The A Load-Balancing Library (ALL) developed within E-CAM at the Simulation Laboratory Molecular Systems of the Juelich Supercomputing Centre, aims to provide an easy and portable way to include dynamic domain-based load balancing into particle based simulation codes. It was created in the context of an Extended Software Development Workshop (ESDW) within E-CAM (see ALL ESDW event details), where code developers of CECAM community codes were invited together with E-CAM postdocs, to work on the implementation of load balancing strategies. The goal of this activity is to increase the scalability of applications to a larger number of cores on HPC systems, for spatially inhomogeneous systems, and thus to reduce the time-to-solution of the applications .
ALL includes several load-balancing schemes, with additional approaches currently being added.
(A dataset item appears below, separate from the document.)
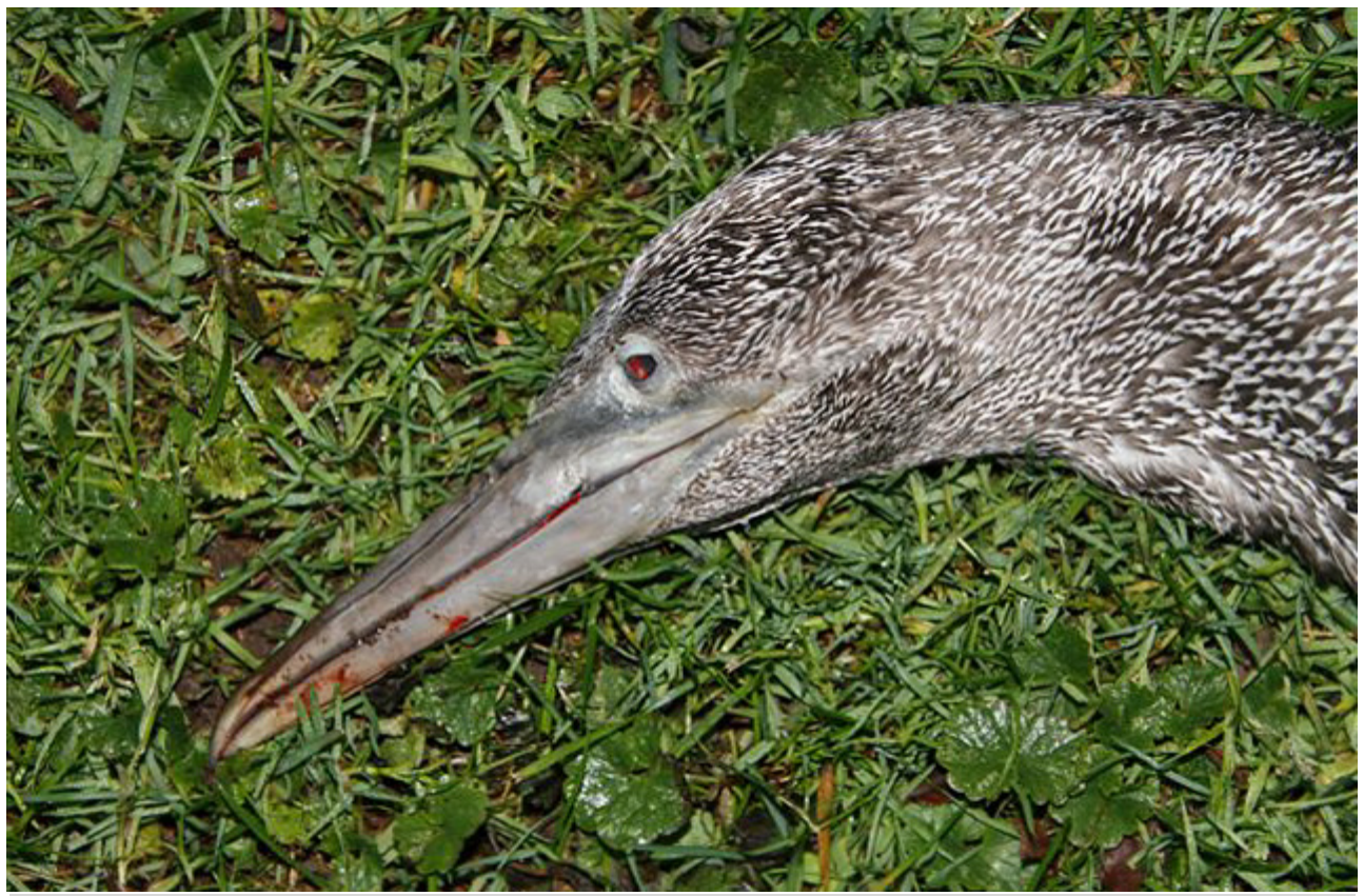
Head of juvenile Northern Gannet found at Hwy 2, Durham, 15 November 2010.

The following list gives an overview about the currently included schemes:
- Tensor-Product method: For the Tensor-Product method, the work on all processes (subdomains) is reduced over the cartesian planes in the systems. This work is then equalized by adjusting the borders of the cartesian planes.
- Staggered Grid Method: For the staggered-grid scheme, a 3-step hierarchical approach is applied: work over the Cartesian planes is reduced before the borders of these planes are adjusted; in each of the Cartesian planes the work is reduced for each Cartesian column, these columns are then adjusted to each other to homogenise the work in each column; the work between neighbouring domains in each column is adjusted. Each adjustment is done locally with the neighbouring planes, columns or domains by adjusting the adjacent boundaries.
- Unstructured Mesh Method: In contrast to the Tensor-Product method and the Staggered Grid Method, the unstructured mesh method adjusts domains not by moving boundaries but vertices, i.e. corner points, of domains. For each vertex, a force, based on the differences in work of the neighboring domains, is computed and the vertex is shifted in a way to equalize the work between these neighboring domains.
- Voronoi Mesh Method: Similar to the topological mesh method (Unstructured Mesh Method), the Voronoi mesh method computes a force, based on work differences. In contrast to the topological mesh method, the force acts on a Voronoi point rather than a vertex, i.e. a point defining a Voronoi cell, which describes the domain. Consequently, the number of neighbors is not a conserved quantity, i.e. the topology may change over time.
- Histogram-based Staggered Grid Method: The histogram-based staggered-grid scheme results in the same grid as the staggered-grid scheme (see Staggered Grid Method), this scheme uses the cumulative work function in each of the three cartesian directions in order to generate this grid. Using histograms and the previously defined distribution of process domains in a cartesian grid, this scheme generates in three steps a staggered-grid result, in which the work is distributed as evenly as the resolution of the underlying histogram allows. In contrast to the other schemes this scheme depends on a global exchange of work between processes.
ALL is being tested with the HemeLB code from the Centre of Excellence CompBiomed. A recent paper describes how HemeLB’s developments in memory management and load balancing (with ALL) allow near linear scaling performance of the code on hundreds of thousands of computer codes.
ALL is implemented in the multi-GPU version of DL_MESO_DPD package (see related news item here). The intention of this integration is to allow for better performance when modelling complex systems with DL_MESO_DPD, like large proteins or lipid bilayers, redistributing the work load across the GPUs.